- EXERCISE GOAL
Only one stretch of lines is wanted: the line with "We did a mock" through the final line of the material. Restate it word for word, minus pictures.

- DATA PROVIDED
____________________
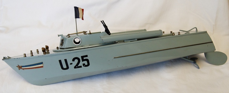 Je voyais un truc de ce genre, plutôt genre canot jouet ancien, dans les 450mm de long, je me suis fait un plan et un modèle en bristol, pour faire une coque en tôle étamée, mais je trouve ça minuscule, j'ai bien peur que ça coule direct dès la mise à l'eau... Il faudra donc une réserve de flottation...
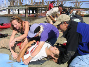 We did a mock disaster scene on Richardson Bay with a lot of simulated kayaker injuries
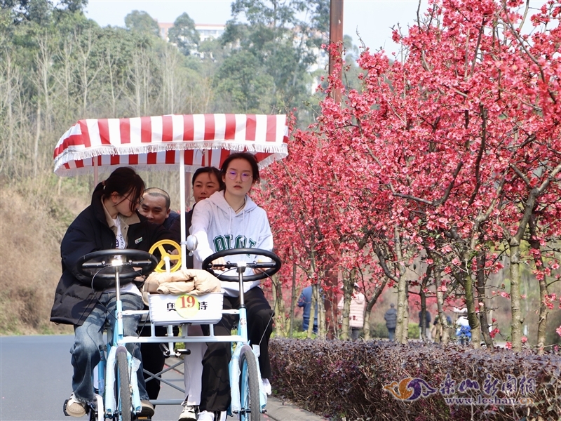 嘉州绿心公园内,不少市民游客趁春光正好,或骑车、或漫步,感受自然之美。“第一次来这里就看到这么美的花,天气又好,心情十分舒畅!”从宜宾到乐山探亲的陈女士高兴地说。
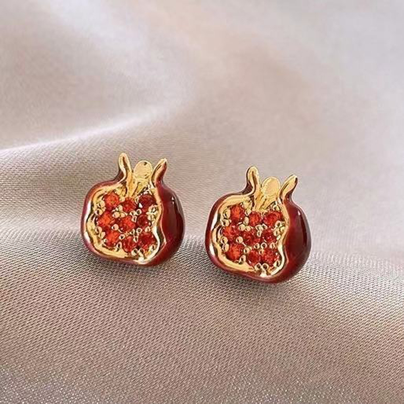 - The design finds its inspiration in the pomegranate, a traditional symbol of abundance and prosperity. Each earring is meticulously crafted from a durable alloy base and adorned with shimmering zircons that catch the light from every angle. Measuring approximately 1 cm in length, these studs offer a subtle yet impactful presence that is comfortable for all-day wear.
____________________
- EXPECTED OUTPUT
 We did a mock disaster scene on Richardson Bay with a lot of simulated kayaker injuries
 嘉州绿心公园内,不少市民游客趁春光正好,或骑车、或漫步,感受自然之美。“第一次来这里就看到这么美的花,天气又好,心情十分舒畅!”从宜宾到乐山探亲的陈女士高兴地说。
 - The design finds its inspiration in the pomegranate, a traditional symbol of abundance and prosperity. Each earring is meticulously crafted from a durable alloy base and adorned with shimmering zircons that catch the light from every angle. Measuring approximately 1 cm in length, these studs offer a subtle yet impactful presence that is comfortable for all-day wear.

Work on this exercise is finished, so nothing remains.